The walk up to the temple |
temples, of course).
We headed home after, pumped and sweaty. Rhianna joined us again, and the driving idea was still in my head, so I asked to see her lonely planet. By this time I was starting slightly to regret the stubborn decision at Bangkok airport to not get the lonely planet for Myanmar. Rhianna's lonely planet revealed a key point; driving in Myanmar is only possible with a driver or a local accompanying at all times. Expenses up, freedom down, fuck that plan. At the same time a new plan started to emerge. I probably hadn't done enough research into Myanmar and had really only heard about the big four; Mandalay, Bagan, Lake Inle and Yangon. Everything is massive distances to the north by flaky public transport. Yangon fair enough, its the only realistic gateway to the country. On top of that we had only heard the other tourists in the guesthouse talking about exactly these places. Bus times this, train times that bla bla. Same conversation over and over. Its going on around me again as I write this. My stubborness, our desire to go off the beaten track a little, combined with our love of nature, not-so-much-love of cities and too many foreigners doing the same thing (Mandalay is not the Shangri-La many people think, I fear), we decided to go to the less explored south instead; mountains, trekking and beaches. Plan formed. We would head to tiny Kinpun at the base of Mt Kyaiktiyo, home of the Golden Rock. After that, although not cast in stone, probably Mawlamyine or Hpa-an, where beaches, caves and ferry rides on the Irrawaddy await. The walk to the Golden Rock is a pilgrimage and is four to six hours up a mountain in the blaaazing sun.

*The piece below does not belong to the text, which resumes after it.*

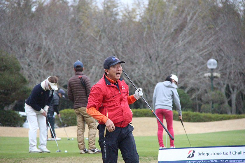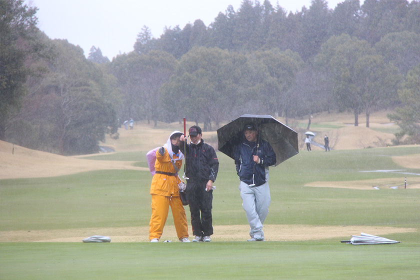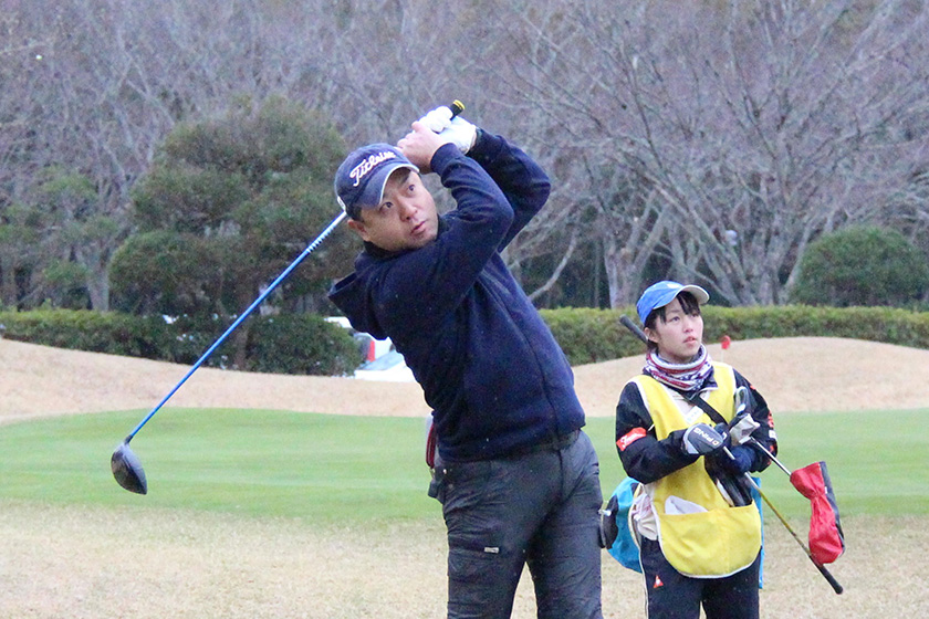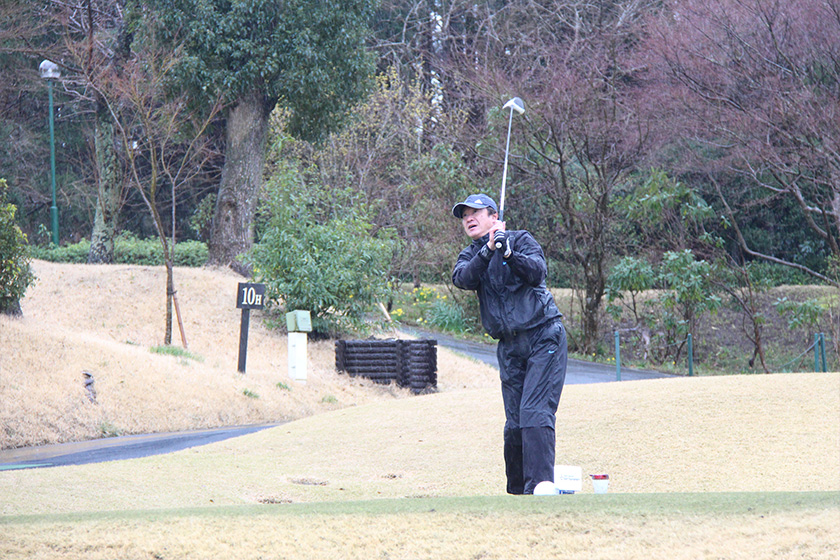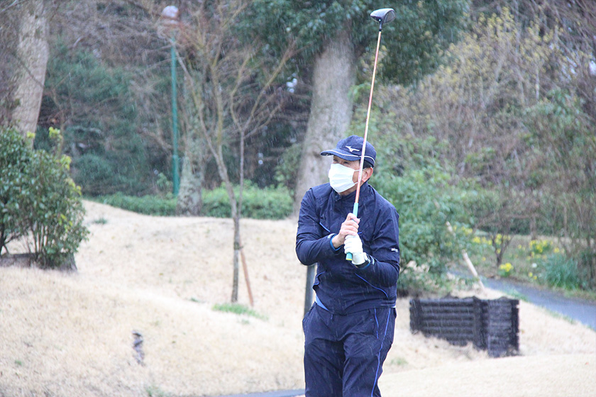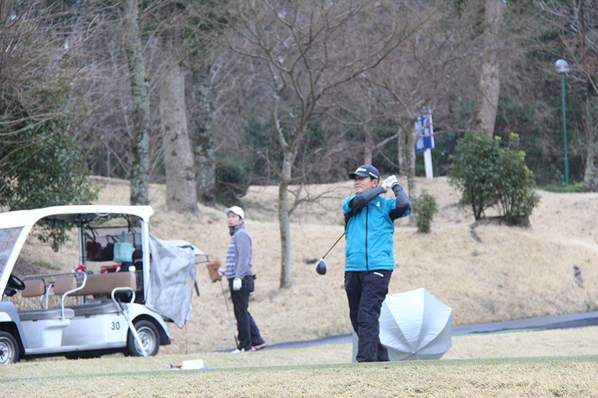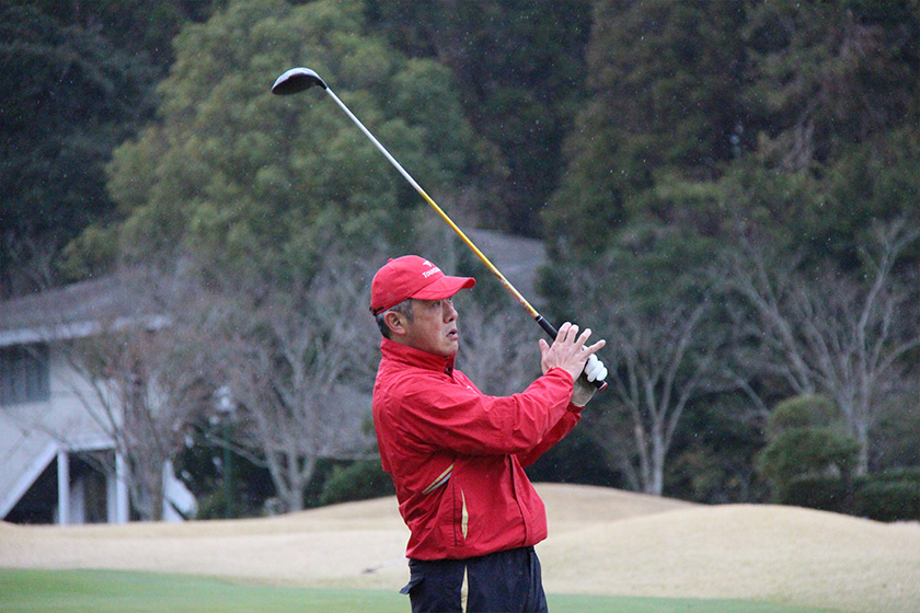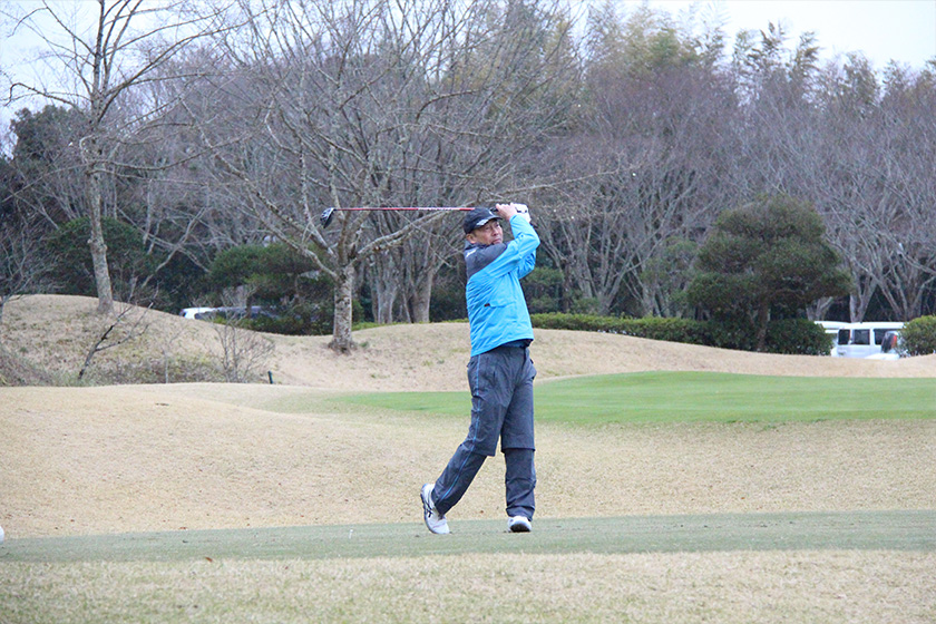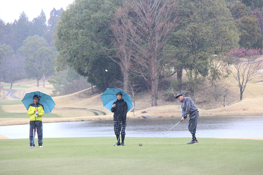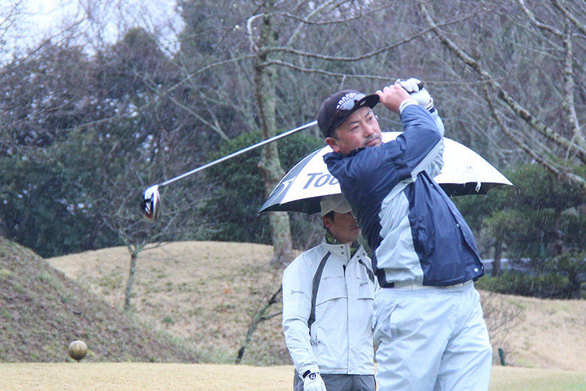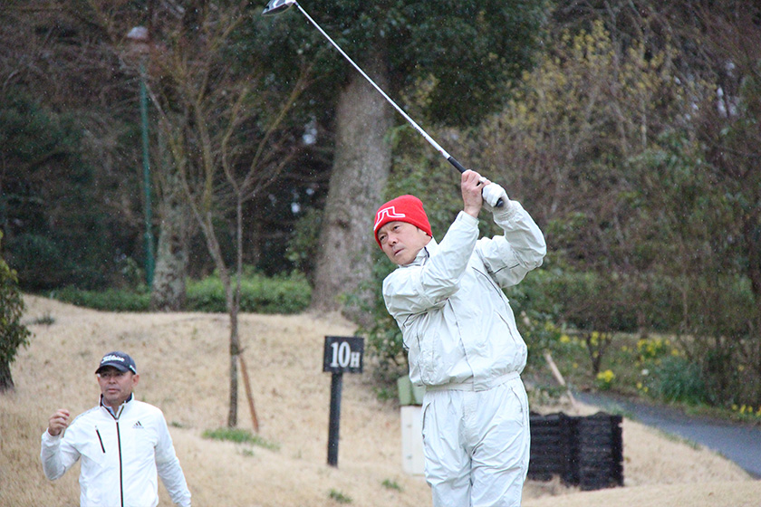 この寒さの中、さすがにお一人はレインウェアを着込んでいらっしゃいましたが、前半2バーディ、ノーボギーの34をマーク。まずまずのスコアで後半へターンしていきました。

By this point me and Bob were sitting by ourselves and I was thinking we really need a lonely planet. I knew that there was a departure from the guesthouse to the airport about 10pm every night so I put a notice up on the board asking for lonely planet donations, and kept an eagle eye out for people leaving. A little later, I went to reception and asked them to point leaving guests towards me and Bob. She said they had a spare copy and gave it to me. Score! Lucy joined us for a while and said she had met an English guy walking through Yangon and had decided to travel on to Bagan, the classic next stop, together the next morning. We yapped for a bit then helped her back-up her photographs and she went off to bed. She told us she had booked for the next night but as she was leaving we could maybe have her room, because the hotel was booked out, meaning we would have to search around for new digs the next day, as our plan had only just blossomed and it was too late to put it into action. Turns out she only had a dorm bed booked, but another one came up the net morning, so me and Bob were destined to get out the sweatbox the following night and into something hopefully cooler. Rhianna was also about for a bit and we gave her her lonely planet back and said our thanks and goodbyes, she was meeting up with her 20 day 3000 Euro Belgian tour group the next day. Bob said she reminded him of the receptionist from the american version of "The Office". After that, it was back to the sweatbox for a sauna, Trailer Park Boys and sleep!
Yangon Day 3
The heat leaving us no choice, we were up at 9:30. The first thing we did was try to use the flaky internet. As soon as we sat down, there was another powercut, although for some strange reason Bobs PC didnt go off. Mine did. I left him to it and managed to squeeze a quick email in to Katie after, before one of the receptionists arrived and announced the internet connection was dead, come back later. Myanmar life.By this time it was almost midday and we were soaked in sweat again mainly just from moving our stuff from the sweatbox to the dorm, which thankfully, was a lot cooler. We considered going to one of the expensive hotels to use their pool to cool down. But we thought better of cooling down before exploration and set off into Yangon once more. We had thought the Shewadega Pagoda was the centre of town but the lonely planet told us otherwise. We headed for the centre and traced a rough path of a tour around the main city buildings. The Shua Pagoda, the City Hall, a Big Ben lookalike and a few other impressive governmental buildings, all in the old colonial British style, alot of them with massive Grecian-style columns outside.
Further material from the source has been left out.